The truth is that more people are plagued with manic depression than you may think. It's a disease that knows no cultural, economic or educational boundaries.

Manic depression is a malfunctioning of the brain which causes an individual to experience disparate mood swings for no apparent reason. Those affected with manic depression are not only capable of reaching seemingly bottomless lows of depression, but are also able to extend their emotions to euphoric states where they feel a certain bliss and visions of grandeur.

In fact, manic depression - which is not more often referred to as bipolar disorder - affects 1.9 million Americans personally in any given year. But this number doesn't reflect the actual number of people x being treated for manic depression. Half of this nearly 2 million are not receiving any treatment for their manic depression. Some simply aren't aware they have it. Others are homeless and cannot get help. Still others are incarcerated and not receiving proper treatment.

Still others aren't receiving treatment for their manic depression because their symptoms are in remission. These individuals have chosen to stop taking their medication for manic depression. And there are still some individuals with manic depression who just refuse to be treated. Unfortunately, some these people end up self medicating themselves with illegal drugs and excessive alcohol use.

Manic depression really doesn't care whether you're male or female. It strikes both sexes just about equally. This, researchers believe, is a curious fact. While men are affected by manic depression roughly on the same order as women, females are more susceptible to depression. Science has yet to tell us why that should be.

While African-Americans and Caucasians are about equally susceptible to developing manic depression, Mexican-Americans have a lower than average risk of developing it. The risk for the Amish and the traditional Hutterites of developing manic depression is also lower than average.

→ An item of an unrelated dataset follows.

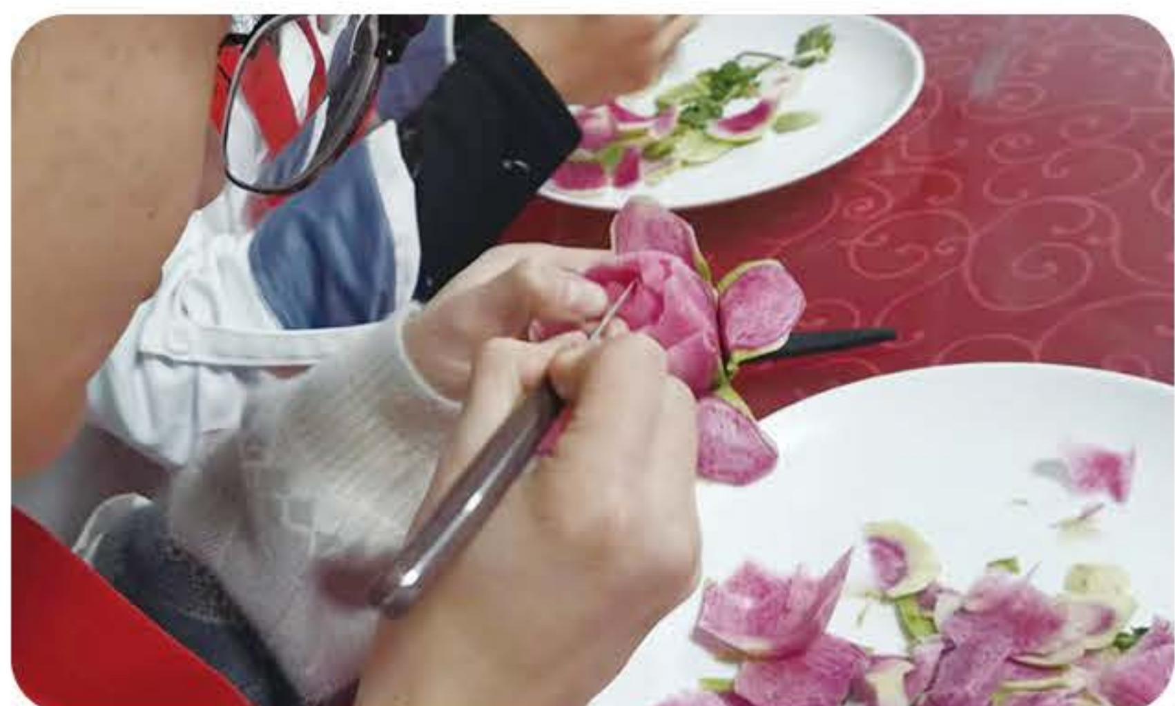
(烹饪专业学生雕刻训练)

就业方向： 面向高星级饭店、餐饮连锁企业等就业，从事烹调、面点制作、后厨管理、宴会设计与制作餐饮企业运营与管理等工作。我校一批优秀毕业生在各星级酒店任职。

Is manic depression a consequence of living in an industrialized, stressed out society? While there is no real research being done to answer this question, the statistics themselves seem to answer 'Yes!' The incidence of manic depression was much lower prior to the 19th Century. This illness seems to be increasing in prevalence. Now, even children are being diagnosed with manic depression. Prior to 1994, it was that that this disorder didn't affect those under the age of 18. The sad part is that we have yet to determine a cause.

In the meantime, the treatment and related costs of manic depression costs the United States approximately $45 billion every single year!